A federal court has frozen the assets of a Boston-area money manager who allegedly stole $1.7 million from investors by creating a fictitious hedge fund and falsely claiming he was a math whiz who graduated from Harvard University.

The freeze was granted at the request of the Securites and Exchange Commission, which has filed a complaint alleging that Andrey C. Hicks of Boston and his firm Locust Offshore Management LLC (LOM) told clients they were investing in a billion-dollar hedge fund called Locust Offshore Fund Ltd.-a fund that did not exist. Instead, the $1.7 million LOM received from nine investors for LOM shares was deposited into company savings and checking accounts at TD Bank in Boston, according to the SEC. Hicks then transferred "substantially all" of the investor money into his personal checking and savings accounts, according to the SEC complaint.

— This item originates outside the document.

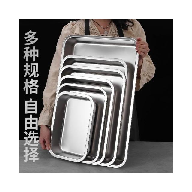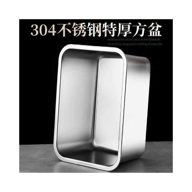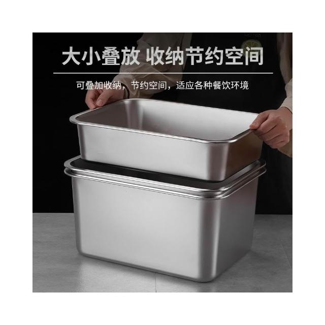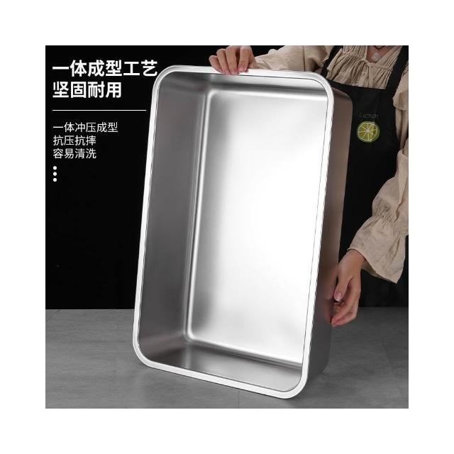304不銹鋼方盆長方形方盤自助餐份數盆加深託盤速食菜盆帶蓋方盒

The SEC also claims that Hicks, 27, falsely told investors that he earned undergraduate and graduate degrees at Harvard University, that he previously worked for Barclays Capital, and that the hedge fund held more than $1.2 billion in assets. The SEC also alleges that Hicks and his firm claimed that the firm's quantitative strategies were based on mathematical models that Hicks developed while at Harvard.

Hicks, the SEC claims, only attended Harvard's undergraduate college for three semesters and never graduated after twice being required to withdraw because of poor academic performance. Hicks only took one mathematics course during his time at Harvard, receiving a grade of D-, according to the SEC.

Hicks' offering materials stated that, while at Barclays Capital, he "grew his book nearly two-fold and expanded his group's assets under management to roughly $16 [billion]," but Barclays Capital has no record of employing Hicks, according to the SEC.

"Hicks lied to investors about virtually every aspect of his fictitious hedge fund. This brazen web of lies to investors constituted an outright fraud," said David P. Bergers, Director of the SEC's Boston Regional Office.

At the SEC's request, Judge Richard Stearns of the U.S. District Court in Massachusetts issued a temporary restraining order that freezes the assets of Hicks, his firm and the hedge fund.

In addition to freeze on LOM's and Hick's assets, the SEC also wants Hicks to surrender all ill-gotten gains plus pre-judgment interest, with the money to be be distributed to LOM investors.